**THE DATA:**

────────────────

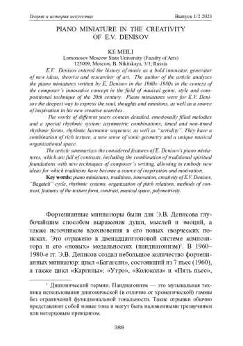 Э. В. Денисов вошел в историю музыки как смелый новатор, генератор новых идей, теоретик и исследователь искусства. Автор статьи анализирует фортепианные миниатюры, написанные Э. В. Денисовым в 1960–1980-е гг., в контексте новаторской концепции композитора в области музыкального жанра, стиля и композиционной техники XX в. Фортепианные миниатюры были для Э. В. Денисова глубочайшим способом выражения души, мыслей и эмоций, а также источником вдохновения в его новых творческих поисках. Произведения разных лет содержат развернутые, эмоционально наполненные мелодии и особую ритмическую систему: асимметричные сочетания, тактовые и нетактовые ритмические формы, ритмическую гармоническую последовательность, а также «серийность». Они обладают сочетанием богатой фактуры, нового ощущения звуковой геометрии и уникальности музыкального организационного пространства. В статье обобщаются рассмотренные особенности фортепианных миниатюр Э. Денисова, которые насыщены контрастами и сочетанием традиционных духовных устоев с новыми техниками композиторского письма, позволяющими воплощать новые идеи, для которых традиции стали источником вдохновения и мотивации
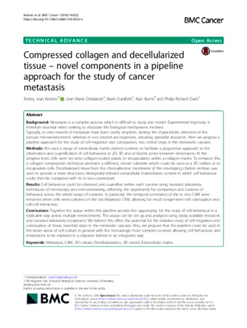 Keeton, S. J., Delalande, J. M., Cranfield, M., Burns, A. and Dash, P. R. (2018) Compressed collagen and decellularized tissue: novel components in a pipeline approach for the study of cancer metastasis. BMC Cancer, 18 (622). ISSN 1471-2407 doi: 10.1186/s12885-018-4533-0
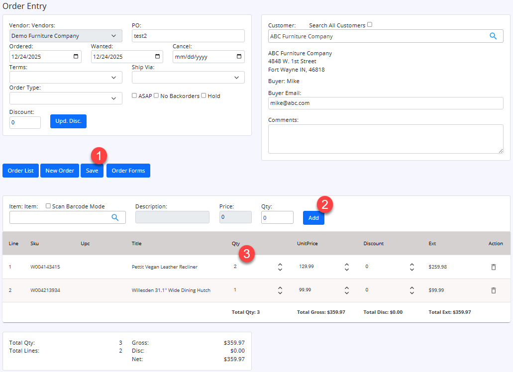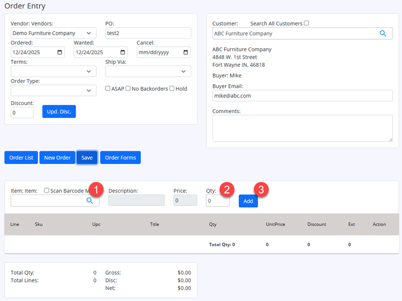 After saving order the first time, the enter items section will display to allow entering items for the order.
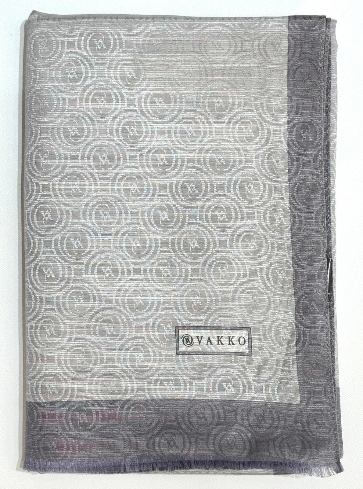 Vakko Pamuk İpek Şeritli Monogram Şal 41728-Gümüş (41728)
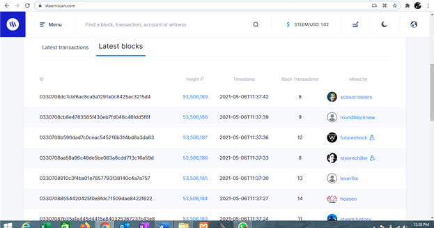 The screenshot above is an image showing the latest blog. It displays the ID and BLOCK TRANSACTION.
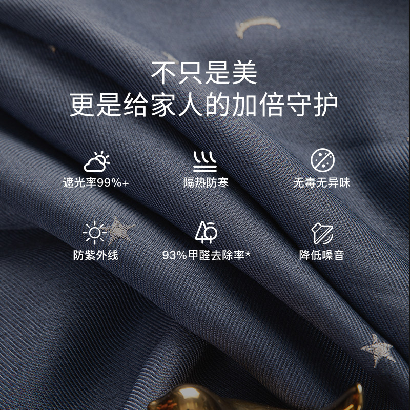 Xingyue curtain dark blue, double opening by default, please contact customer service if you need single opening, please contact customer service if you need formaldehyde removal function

────────────────

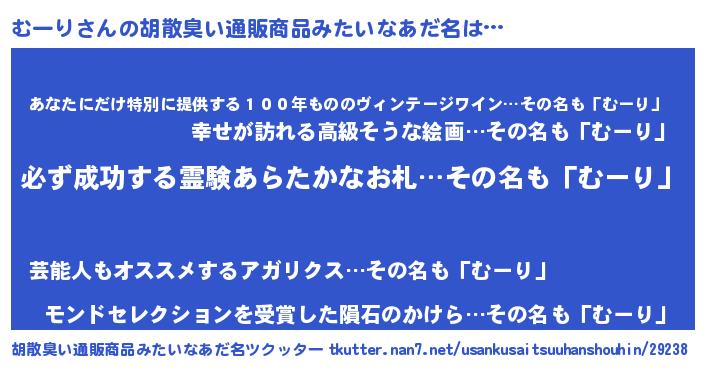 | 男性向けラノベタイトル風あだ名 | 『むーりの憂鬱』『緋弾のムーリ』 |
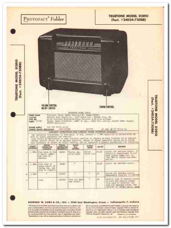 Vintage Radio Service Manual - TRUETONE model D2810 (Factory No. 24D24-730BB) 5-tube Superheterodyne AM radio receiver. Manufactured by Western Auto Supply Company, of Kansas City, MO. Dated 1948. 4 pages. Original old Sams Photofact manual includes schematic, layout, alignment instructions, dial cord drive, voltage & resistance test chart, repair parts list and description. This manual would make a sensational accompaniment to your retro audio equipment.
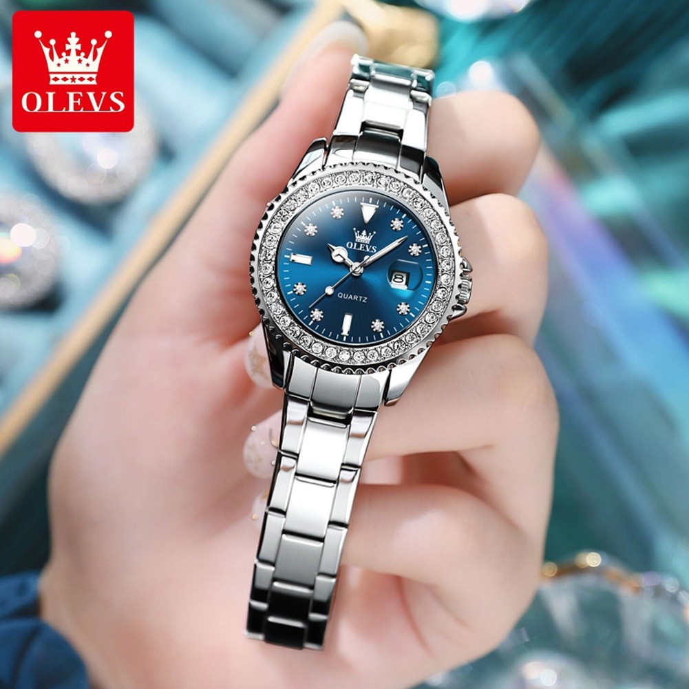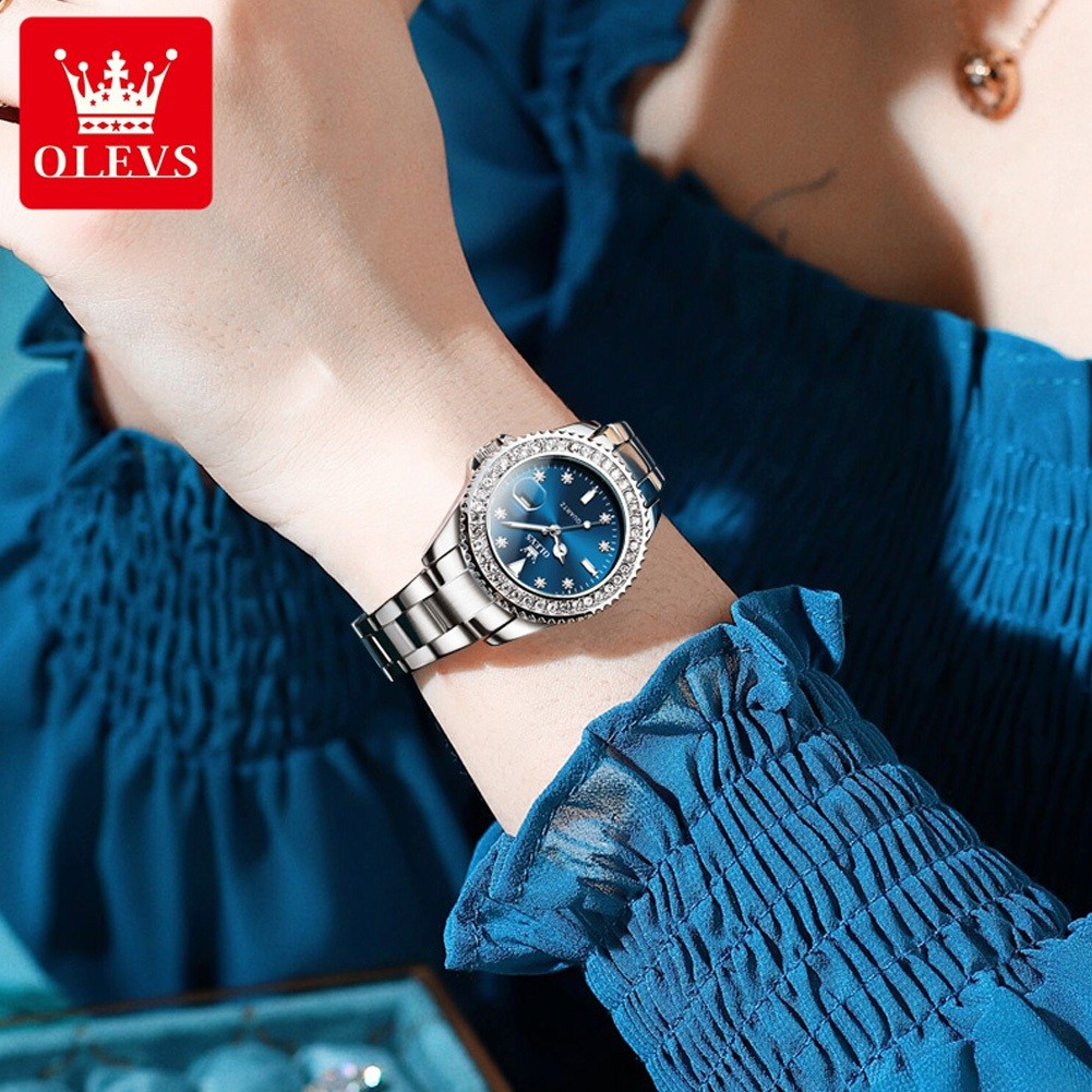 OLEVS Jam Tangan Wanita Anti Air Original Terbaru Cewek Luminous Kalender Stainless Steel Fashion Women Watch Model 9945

────────────────

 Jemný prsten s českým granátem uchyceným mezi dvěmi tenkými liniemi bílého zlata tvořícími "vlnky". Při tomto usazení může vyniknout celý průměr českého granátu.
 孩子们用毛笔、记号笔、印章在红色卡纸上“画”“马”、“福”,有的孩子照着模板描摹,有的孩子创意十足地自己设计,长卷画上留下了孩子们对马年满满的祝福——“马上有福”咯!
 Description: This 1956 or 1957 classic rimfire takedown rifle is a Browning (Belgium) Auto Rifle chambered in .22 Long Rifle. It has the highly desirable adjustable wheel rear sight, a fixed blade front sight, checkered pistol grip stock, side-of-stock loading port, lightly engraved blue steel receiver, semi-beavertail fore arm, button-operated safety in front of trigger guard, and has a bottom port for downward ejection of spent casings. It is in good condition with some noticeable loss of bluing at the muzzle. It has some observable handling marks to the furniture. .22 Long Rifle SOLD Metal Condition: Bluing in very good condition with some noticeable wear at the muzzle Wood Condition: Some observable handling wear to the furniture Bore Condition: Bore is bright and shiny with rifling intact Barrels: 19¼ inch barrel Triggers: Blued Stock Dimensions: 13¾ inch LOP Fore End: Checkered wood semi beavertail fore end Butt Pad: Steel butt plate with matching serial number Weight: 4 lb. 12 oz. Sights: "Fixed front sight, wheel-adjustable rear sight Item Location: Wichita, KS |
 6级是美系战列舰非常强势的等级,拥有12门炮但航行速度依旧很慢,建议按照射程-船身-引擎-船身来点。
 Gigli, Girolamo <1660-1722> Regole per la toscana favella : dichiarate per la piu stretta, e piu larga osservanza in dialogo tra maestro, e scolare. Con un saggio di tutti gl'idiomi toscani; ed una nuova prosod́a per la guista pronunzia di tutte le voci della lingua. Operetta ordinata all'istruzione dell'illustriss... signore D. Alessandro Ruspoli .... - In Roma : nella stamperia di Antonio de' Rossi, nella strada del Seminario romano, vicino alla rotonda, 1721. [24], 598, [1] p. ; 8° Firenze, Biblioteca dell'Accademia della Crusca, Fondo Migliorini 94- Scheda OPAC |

────────────────

**PROBLEM DETAILS:** Pictures aside, return exactly the lines from the data above, starting at the line that has "Vakko Pamuk İpek" and ending at the line that has "Xingyue curtain dark", both included.

**TASK ANSWER:**
 Vakko Pamuk İpek Şeritli Monogram Şal 41728-Gümüş (41728)
 The screenshot above is an image showing the latest blog. It displays the ID and BLOCK TRANSACTION.
 Xingyue curtain dark blue, double opening by default, please contact customer service if you need single opening, please contact customer service if you need formaldehyde removal function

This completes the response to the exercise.